В пятой главе поэт реализует весьма важную для него сентенцию (мысль, идею, философему): он обожествляет Слово, обожествляет Глагол. Многочисленные И-анафоры, подчеркнуто краткие синтаксические конструкции, выдержанный параллелизм речевых структур — все это указывает на стилизацию текста V главы «под Библию». И у этой стратегии есть две важные интенции. С одной стороны, «библейская аура» способствует возвеличению Слова / Глагола, с другой (как следствие сюжетного развития) — (при)равнивания главных героев поэмы, постановки их в позицию подобия, близости, «однородности» (учитель / ученик, «мой друг»). В ходе «по виду» абсурдированного повествования, во-первых, актуализируется идейная («всегда-важная» для Бродского) философема: Слово / Глагол — высшая сущность Вселенной, надмирный абсолют, который доминирует над всем тварным и нетварным. Во-вторых, (в рамках сюжетной диспозиции героев) автором констатируется новая нарративная данность: на лингвостилистическом уровне между Горбуновым и Горчаковым должен стоять не противительный союз но (как полагают многие исследователи), а сочинительный союз и. К концу V «странной» главы становится ясно, что герои Бродского теперь (объективно и формально) прочитываются не как антагонисты, а как протагонисты, как герои-спутники, движущиеся по жизненному (фабульному) пути в одном направлении, еще точнее — один вслед за другим. Базовая мифопоэтическая дихотомия (Горбунов ^ Горчаков) аннигилируется и трансформируется (Горбунов ^ Горчаков). В результате V глава утрачивает приписываемую ей «странность» и «абсурдность». Скорее наоборот, V глава семантически (пере)кодируется, дешифруется, берет на себя функцию возвышения над реальностью и перехода на мистико-иррациональный — духовный — уровень рецепции, экспликации метамифа Бродского о божественном «диктате языка». Условно-первый этап сближения героев Горбунова и Горчакова завершается. Божественный Глагол уравнивает Он-Сказал и Горбунова-Горчакова. Дальнейшая фабульная диспозиция героев — соположение, сопереживание, соразмышление. Мотив ученичества и следования за у(У)чителем разрастается новыми деталями, обстоятельствами, «свидетельствами».

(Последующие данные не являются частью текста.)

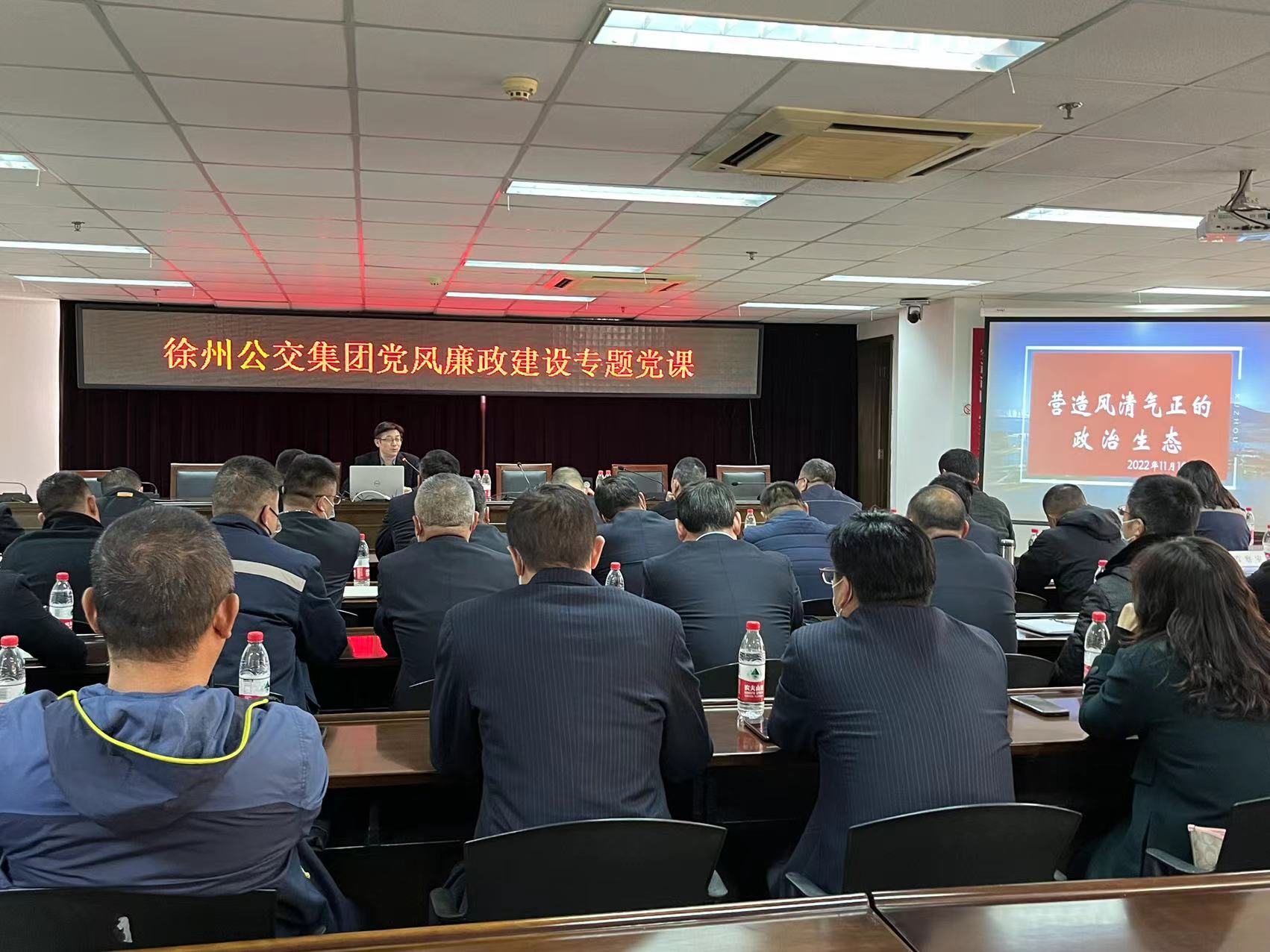 為深入學(xué)習貫徹落實(shí)黨的二十大精神,堅定不移推進(jìn)全面從嚴治黨向縱深發(fā)展,營(yíng)造集團風(fēng)清氣正的政治生態(tài),11月17日,徐州公交集團開(kāi)展黨風(fēng)廉政建設專(zhuān)題黨課。公交集團黨委副書(shū)記、總經(jīng)理袁夫松主持會(huì )議,集團機關(guān)部室、基層單位負責人等50余人參加學(xué)習。

5. Апостольский ракурс повествования
Глава «Горчаков в ночи» (внутренний монолог героя-ученика) — знак второго (условного) этапа ученичества героя — начинается с пушкинской воспреемственной аллюзии «Из искры возгорится пламя.»: «О Горбунов! от слов твоих в затылке, / воспламеняясь, кровь моя бурлит — / от этой
искры, брошенной в опилки!» [Бродский, 1998, с. 270], а текст самой главы уже явственнее ориентирован на тему Ученика и Учителя (в широком библейском и в более узком, например, булгаковском изводе). Внутренний ночной монолог Горчакова отмечен ощутимыми трансформациями: «Я сам уже в глазах своих расту.» [Бродский, 1998, с. 271], и маркером «роста» становится меняющееся отношение персонажа (например) к звезде, признаваемое им ее воздействие: «Я чувствую во внутренностях жженье, / взирая на далекую звезду» [Бродский, 1998, с. 271]. Позже это открытие подтвердит и Горбунов: «О звезде с ним <с Горчаковым> можно побеседовать» [Бродский, 1998, с. 274].
Значительная часть внутреннего ночного монолога Горчакова выстроена Бродским так, что она отчетливо представляет собой повторения тех суждений, которые прежде уже были высказаны Горбуновым: «Нормальный сон — основа всех основ!», «Сны откровенней всех говорунов», «Фрейд говорит, что каждый — пленник снов» [Бродский, 1998, с. 271] и т. п. Герою Горчакову самому «странно в это вдумываться снова.», то есть «снова» вслед за мыслями Горбунова. Ученическая ипостась Горчакова вырисовывается от повтора к повтору, от воспоминания к воспоминанию, от с(С)лова к с(С)лову и, наконец, рождает в персонаже-ученике осознание: «Ты, Горбунов, мой высший судия!» [Бродский, 1998, с. 271], «Покуда я дышу, во власть твою я должен отдаваться!» [Бродский, 1998, с. 272]. Себя герой начинает мыслить «посредником», «продолжателем и наследником» [Бродский, 1998, с. 271] суждений и с(С)лов Горбунова — персонаж угадывает (признает) в себе ученическую сущность.
Свидетельством преображения «вещного» и приземленного героя становятся мелкие (малозаметные) детали. Горчакова-ученика впервые посещает мысль о возможности открытия форточек («О если бы медбрат открыл ее!..» [Бродский, 1998, с. 271]). В нем зарождается догадка о масштабе личности Горбунова («Увы, тебе масштабы эти мелки!» [Бродский, 1998, с. 272]). Появляется «вещее» (не «вещное») предвидение грядущих мук учи-теля-сопалатника: «Грядет твое мучение!..» [Бродский, 1998, с. 272]. Слова-молитвы Горчакова обращены к Горбунову: «К тебе свои молитвы возношу! / Мне некуда от слов твоих деваться! / Приди ко мне! Я слов твоих прошу. / Им нужно надо мною раздаваться!» [Бродский, 1998, с. 272].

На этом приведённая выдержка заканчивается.